**Exercise aim:**
The line with "手のひら面はハンドリングしや" marks the first line to copy, and the line with "Clare Jakes shows" marks the last. Transcribe that stretch of the data below exactly, without pictures.

**Source records:**
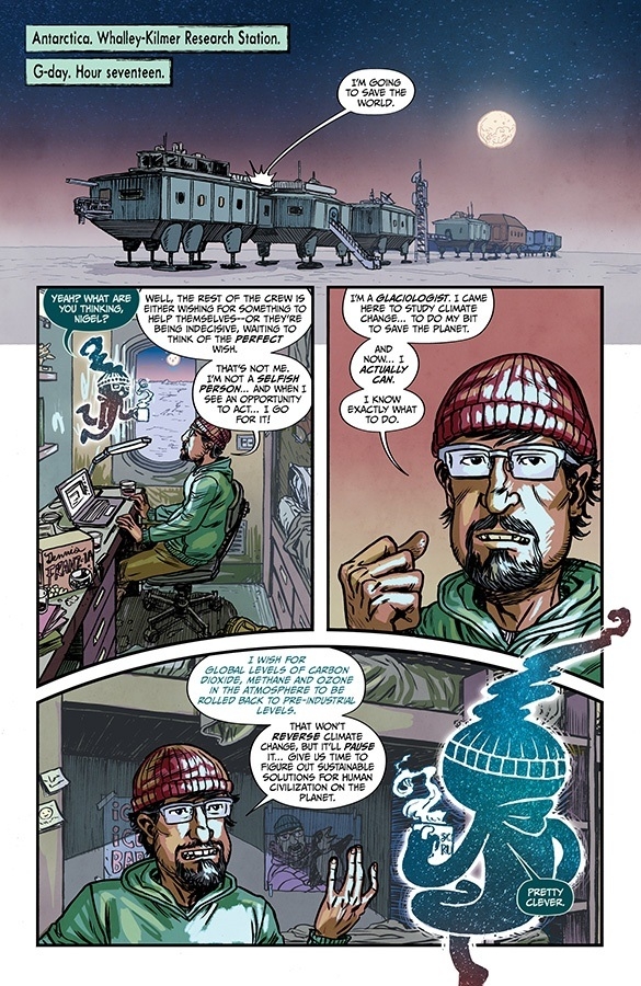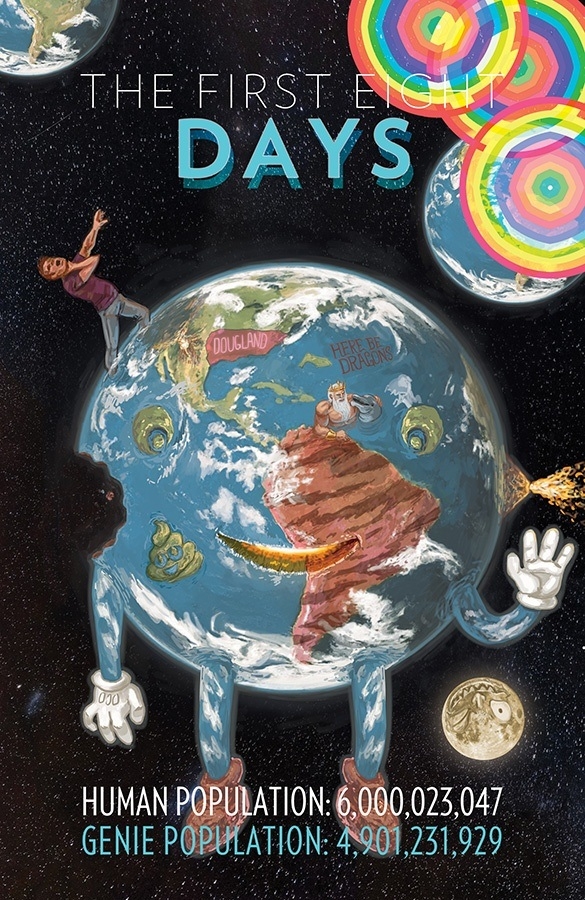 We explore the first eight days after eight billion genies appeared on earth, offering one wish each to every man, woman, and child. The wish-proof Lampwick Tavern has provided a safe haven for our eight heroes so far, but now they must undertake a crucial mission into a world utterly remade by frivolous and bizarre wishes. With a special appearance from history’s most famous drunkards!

--

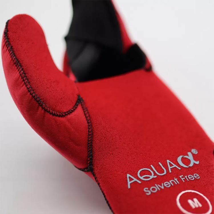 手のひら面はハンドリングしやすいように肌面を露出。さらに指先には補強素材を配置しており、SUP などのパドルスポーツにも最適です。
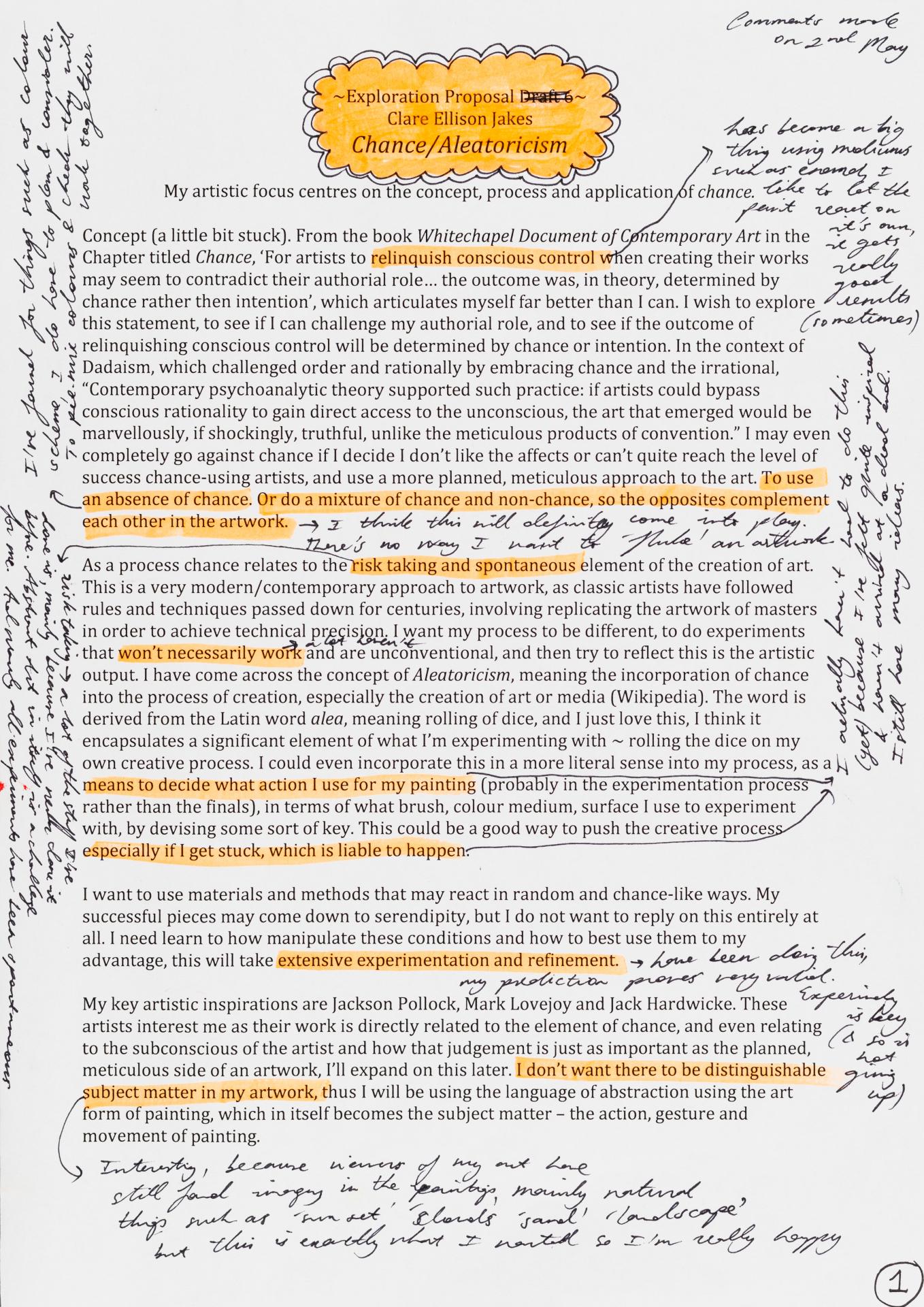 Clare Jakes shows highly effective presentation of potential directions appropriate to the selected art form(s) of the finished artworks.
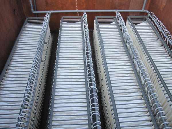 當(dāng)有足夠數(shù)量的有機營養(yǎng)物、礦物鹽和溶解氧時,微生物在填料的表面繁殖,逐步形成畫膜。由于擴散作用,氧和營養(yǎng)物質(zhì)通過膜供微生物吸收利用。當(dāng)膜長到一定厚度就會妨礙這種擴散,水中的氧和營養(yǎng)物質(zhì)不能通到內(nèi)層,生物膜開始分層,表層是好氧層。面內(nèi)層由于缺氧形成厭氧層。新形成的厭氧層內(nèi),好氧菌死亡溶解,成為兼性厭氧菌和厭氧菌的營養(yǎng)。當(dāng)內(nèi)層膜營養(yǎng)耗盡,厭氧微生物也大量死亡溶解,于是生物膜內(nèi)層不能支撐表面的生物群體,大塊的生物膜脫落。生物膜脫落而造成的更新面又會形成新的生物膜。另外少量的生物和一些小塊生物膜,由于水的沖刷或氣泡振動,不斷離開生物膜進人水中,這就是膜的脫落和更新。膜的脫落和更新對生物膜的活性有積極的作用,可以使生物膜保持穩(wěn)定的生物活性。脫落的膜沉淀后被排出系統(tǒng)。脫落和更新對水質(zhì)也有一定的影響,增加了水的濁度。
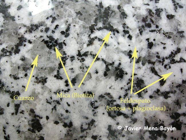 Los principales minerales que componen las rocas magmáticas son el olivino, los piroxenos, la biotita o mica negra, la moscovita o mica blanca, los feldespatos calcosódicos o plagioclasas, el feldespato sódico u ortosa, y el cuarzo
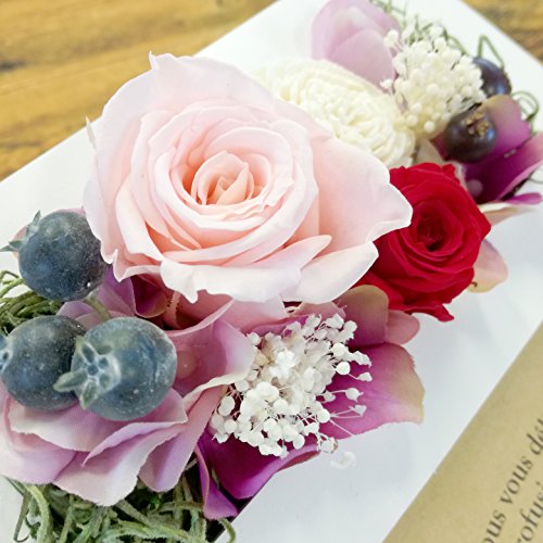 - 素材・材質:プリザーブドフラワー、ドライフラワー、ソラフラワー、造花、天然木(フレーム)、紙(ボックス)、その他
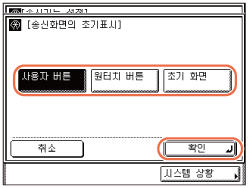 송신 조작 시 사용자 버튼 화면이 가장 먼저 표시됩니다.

**Output for this task:**
 手のひら面はハンドリングしやすいように肌面を露出。さらに指先には補強素材を配置しており、SUP などのパドルスポーツにも最適です。
 Clare Jakes shows highly effective presentation of potential directions appropriate to the selected art form(s) of the finished artworks.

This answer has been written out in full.